Material provided.
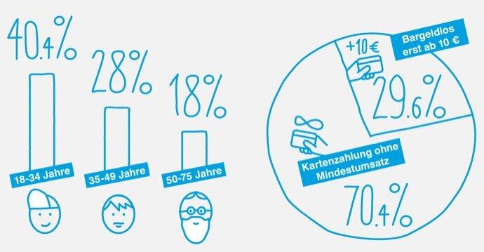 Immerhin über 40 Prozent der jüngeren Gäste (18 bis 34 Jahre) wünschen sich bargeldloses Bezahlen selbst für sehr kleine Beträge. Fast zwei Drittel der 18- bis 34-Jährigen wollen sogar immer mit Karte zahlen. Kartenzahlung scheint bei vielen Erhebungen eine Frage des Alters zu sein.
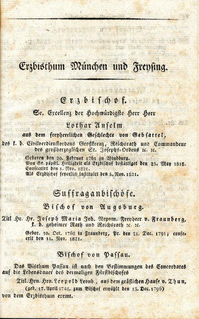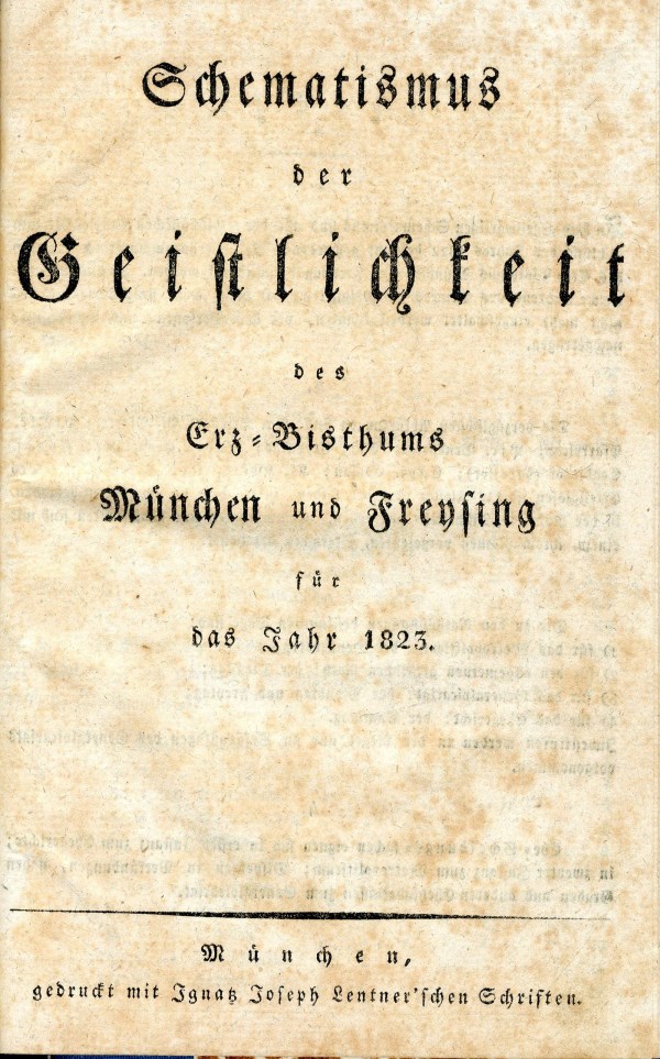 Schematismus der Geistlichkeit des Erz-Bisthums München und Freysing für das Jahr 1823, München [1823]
==
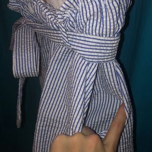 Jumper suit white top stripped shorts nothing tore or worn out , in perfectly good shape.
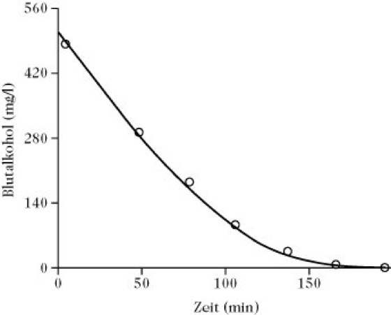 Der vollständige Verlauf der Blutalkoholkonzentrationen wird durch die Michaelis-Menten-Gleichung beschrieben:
==
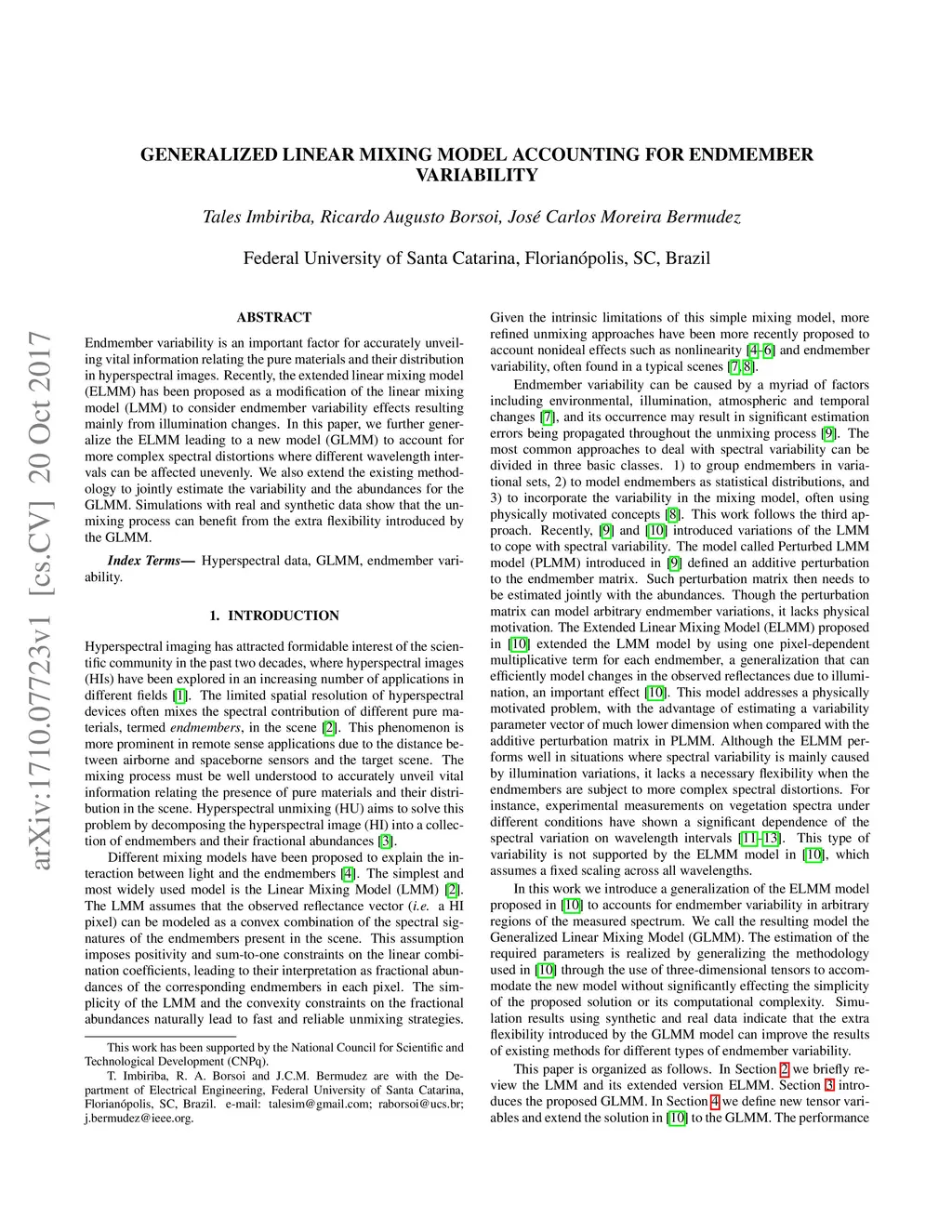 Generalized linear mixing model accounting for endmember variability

Exercise. Starting at the line that contains "Jumper suit white" and ending at the line that contains "Der vollständige Verlauf", transcribe the material above exactly, excluding pictures.

Answer to this exercise.
 Jumper suit white top stripped shorts nothing tore or worn out , in perfectly good shape.
 Der vollständige Verlauf der Blutalkoholkonzentrationen wird durch die Michaelis-Menten-Gleichung beschrieben:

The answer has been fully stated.